General characteristics
- Class & type: Edsall-class destroyer escort
- Displacement: 1,253 tons standard; 1,590 tons full load;
- Length: 306 ft (93 m)
- Beam: 36.58 ft (11.15 m)
- Draft: 10.42 ft (3.18 m) full load
- Propulsion: 4 × FM diesel engines; 4 × diesel generators,; 6,000 shp (4,500 kW); 2 × screws;
- Speed: 21 knots (39 km/h; 24 mph)
- Range: 9,100 nmi (16,900 km; 10,500 mi) at 12 knots (22 km/h; 14 mph)
- Complement: 8 officers, 201 enlisted
- Armament: 3 × single 3 in (76 mm)/50 guns; 1 × twin 40 mm AA guns; 8 × single 20 mm AA guns; 1 × triple 21 in (533 mm) torpedo tubes; 8 × depth charge projectors; 1 × depth charge projector (hedgehog); 2 × depth charge tracks;

= USS Forster =

1943 Edsall-class destroyer escort

USS Forster (DE-334) was an Edsall-class destroyer escort built for the U.S. Navy during World War II.

==Namesake==
Edward William Forster was born 8 October 1884 in Jersey City, New Jersey. He enlisted in the Navy on 25 August 1919, and was warranted Machinist on 25 June 1942. On 17 August 1940, he joined and was killed when it was sunk in the Battle of Savo Island, 9 August 1942.

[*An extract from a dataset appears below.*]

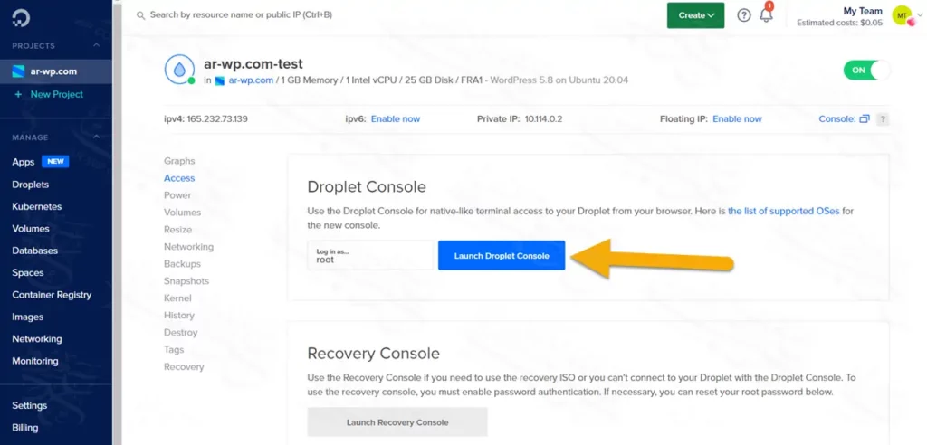 يمكنك تنفيذ هذه الخطوات اعتمادًا على برامج الاتصال بالسيرفر مثل برنامج putty، ولكن لأن هذه الخطوات تنفذ لمرة واحدة فقط فسأنفذها مباشرة من الكونسول الموجودة داخل دروبلت الديجتال اوشن Droplet Console. فقط اتبع الخطوات التالية:

==Construction and commissioning==
She was launched on 13 November 1943 by Consolidated Steel Corporation, Orange, Texas, sponsored by Mrs. E. W. Forster, widow of Machinist Edward W. Forster. Forster was commissioned 25 January 1944 and served as an escort in the Atlantic and Mediterranean during World War II. She was decommissioned and placed in reserve at Green Cove Springs, Florida on 15 June 1946.

==Coast Guard service==
She was turned over to the United States Coast Guard on 20 June 1951. Forster (given the Coast Guard hull number WDE-434) served on ocean station duty out of Honolulu. This included duty on Ocean Stations VICTOR, QUEEN, and SUGAR and voyages to Japan. She also conducted search and rescue duties, including finding and assisting the following vessels in distress: the M/V Katori Maru on 17 August 1952, assisting the M/V Chuk Maru on 29 August 1953, the M/V Tongshui on 1 – 3 October 1953, and the M/V Steel Fabricator on 26 October 1953. She was returned to the Navy on 25 May 1954.

==Return to U.S. Navy service==
Forster was converted from DE to DER 334 in the early 1950s in Long Beach California and she was recommissioned at Long Beach, California, 23 October 1956. She served as a part of the DEW (Defense Early Warning) Line in the North Pacific. And was stationed about 200 miles off the coast of Seattle, where she was based. Typical duty would be two weeks on station, cruising North and South off the coast, then 2 weeks in port. She was stationed out of Pearl Harbor in the 1960s and served in the Western Pacific on Operation Market Time in 1968-69 patrolling the South Vietnamese coast for contraband shipping and providing sea to shore fire when called upon. She served on patrol in the Formosa Straits in 1969. She was transferred to the Atlantic fleet in late 1969.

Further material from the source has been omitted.